This article aims to shed light to the highly discussed yet confounding topic in machine learning: hyperparameter tuning. Up to this point, hyperparameter tuning is mostly talked about as a means to get the “best” model, with little being discussed about the how, the what and the why. Building machine learning models like a black box, can either lead to unexplainable results, or inefficient algorithms with exorbitant cost. In order to have a better understanding, we need to talk about how hyperparameter tuning works, what are the available techniques and why we choose an approach over others in certain scenarios. At the end of the article, we present a demonstration using simulated data with 40,000 entries and 100 predictors, comparing performance and cost, between the two main techniques for hyperparameter tuning:
- Grid Search, and
- Randomized Search.
Grid Search requires the user to specify a grid of parameters and it exhaustively searches for all possible combinations within that grid. Say for example, the following grid is given to GridSearchCV for the machine learning model: support vector machine (SVM) classifier with stochastic gradient descent (SGD) training (SGDClassifier).

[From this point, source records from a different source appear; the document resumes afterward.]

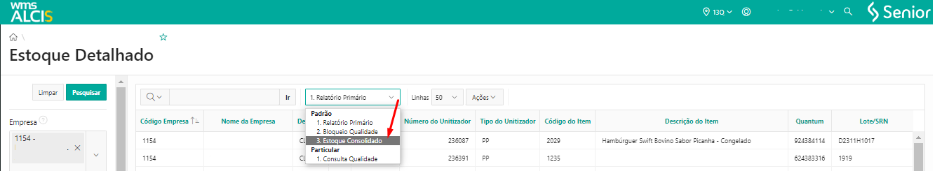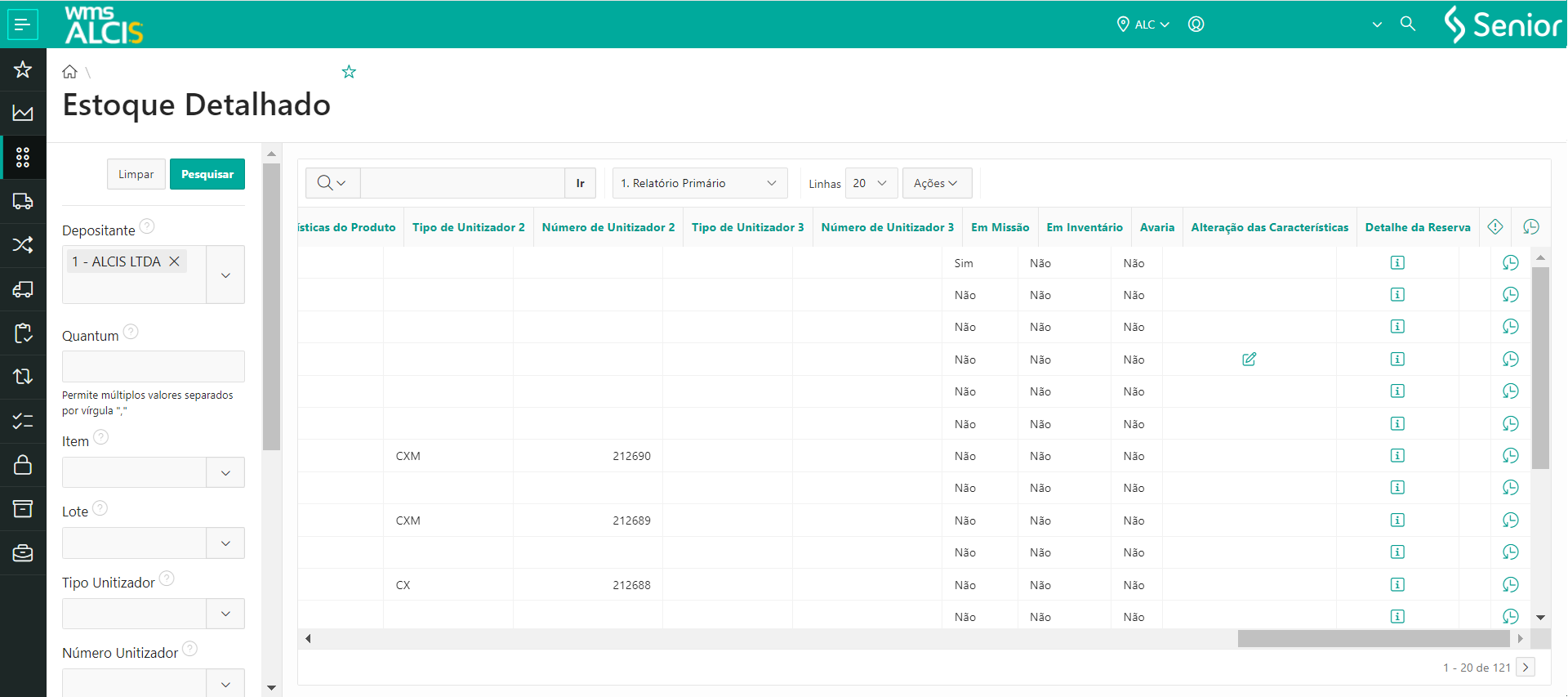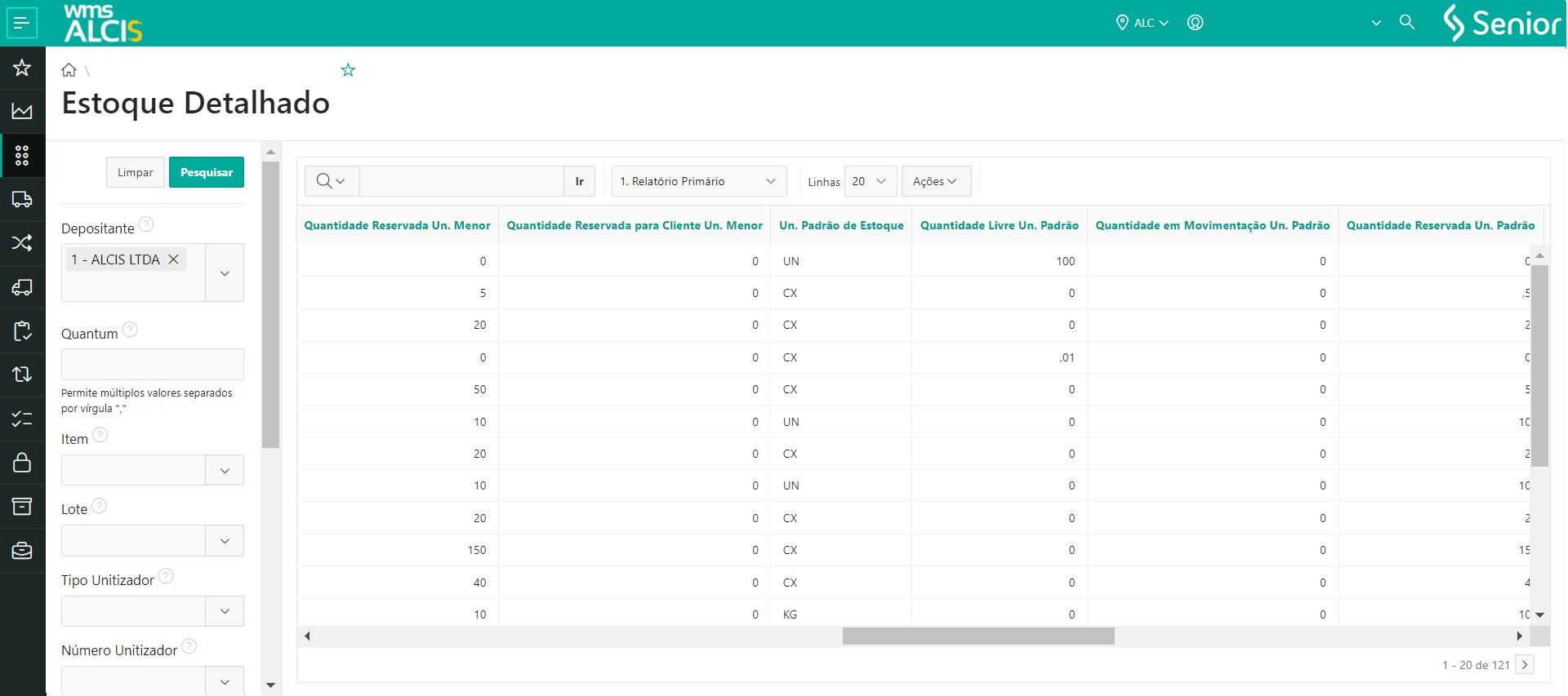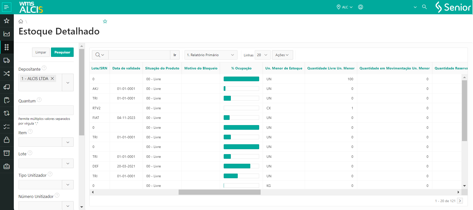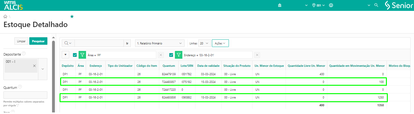 - Em WMS > Gestão do Estoque > Estoque Detalhado (LS200)
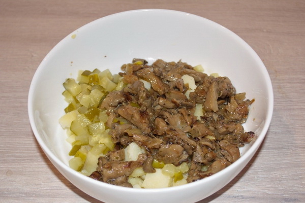 Laisser refroidir, couper en petites tranches, mélanger avec les champignons dans un bol séparé.
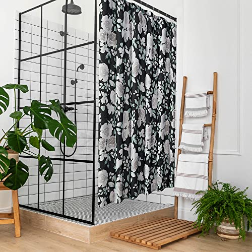 SEDLAV Shower Curtain Flowers, 72" x 72", Shower Curtains, Shower Curtain Set, Shower Curtains for Bathroom (Black and Gray)
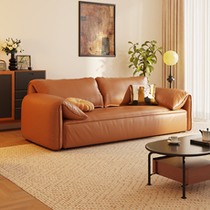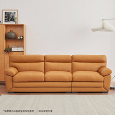 意式极简约焦糖色头层真牛皮沙发客厅小户型三人位豆腐块皮艺沙发
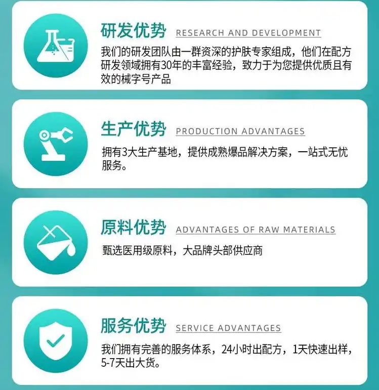 7、品類齊全:300多款成熟配方(妝字號、械字號、消字號)免費(fèi)打樣
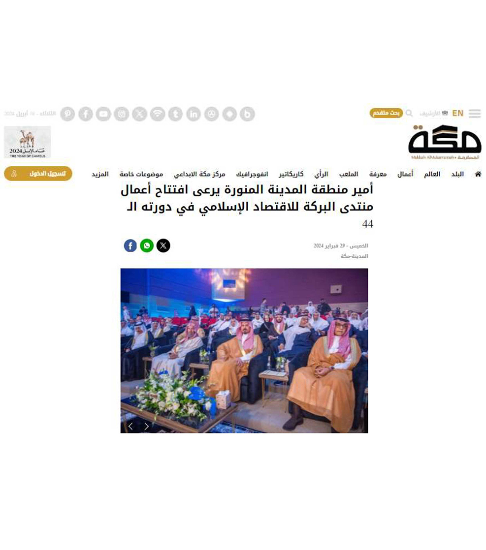 أمير منطقة المدينة المنورة يرعى افتتاح أعمال منتدى البركة للاقتصاد الإسلامي في دورته الـ 44

l1_ratio | 0.2 | 0.5 | 1.0 |
alpha | 0.1 | 0.2 | 0.3 |
The machine learning model will have to fit 9 possible models, with different parameters, to find the one which results in the best scoring metric. The cost of doing a Grid Search increases exponentially with every addition of a new parameter as the Grid Search conducts an exhaustive testing of all possible combinations of parameters. This means that if the search space is huge, doing a Grid Search can get so exorbitantly expensive that the method becomes infeasible.
In this case, a Randomized Search would do the trick. The Randomized Search calls for the user to provide a continuous distribution of numbers for each parameter that needs to be optimized, and a budget of how many parameter settings to test the model with, is provided by the user as well. This means that two things are different between Grid Search and Randomized Search.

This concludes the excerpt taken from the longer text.